For your midterm you are to produce one kind of public scholarship, namely an “op-ed” or opinion-editorial essay that typically finds a home on the editorial page of newspapers. Specifically, you are to write a 600-800 word (typical length for an op-ed) essay that comments on the topics of this course:  what does being a “global citizen” mean and how, as global citizens, should we view humanitarian aid efforts past and present?  You need to touch on some of the ideas, issues and examples from our class keeping in mind that your essay must be intended for a general audience that, though intelligent, may be uninformed about the topics we have covered.
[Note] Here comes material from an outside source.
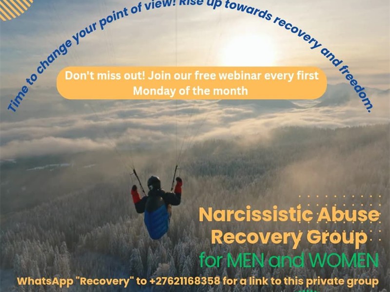 Every first Monday of the month. Time: 19:00–20:00. We meet monthly, free and online via Google Meet. The sessions are facilitated by an expert on toxic relationship abuse, Karien Jordaan. Find answers you need and recover from abuse. A 30-minute educational on a topic to help you understand what narcissistic abuse is all about, why you have been affected and how, followed by 30 min Q&A. Resources for recovery are provided on our WhatsApp group. Contact Karien Jordaan, 062 116 8358. You must be 18yrs or older to join.

The grading rubric for this midterm is the same as for all assignments in this course (see syllabus), but more specifically for this particular format I will be looking for

  • the clarity and comprehensiveness of your definitions and descriptions
  • the framing and explanation of your examples
  • the depth of analysis displayed in your argument
  • the overall readability of the essay

There are numerous web sites that give some basic tips for writing op-eds, and I encourage you to scan through a few of them and take note of the advice which is given.  One example is the the oped project which is specifically geared toward women.  Here is one example of an op-ed that I did early last year and one published just a couple weeks ago.

There are several objectives of this assignment including (1) to provide me with evidence that you have learned from the material we have covered and provide some basis for a grade, (2) to provide you with another opportunity to both give and receive critical feedback from your colleagues, and (3) to provide a service opportunity where your work will -hopefully- inform the general reading public.  These op-ed essays may become one of our chapters in our book.

Using the feedback (in the comments) from your colleagues me and Sami to revise and polish your essay, you are strongly encouraged to submit your op-ed to your hometown newspaper (or other comparable publication).  Please copy me on any email submissions that you make.  If you need help in this process, please let me know.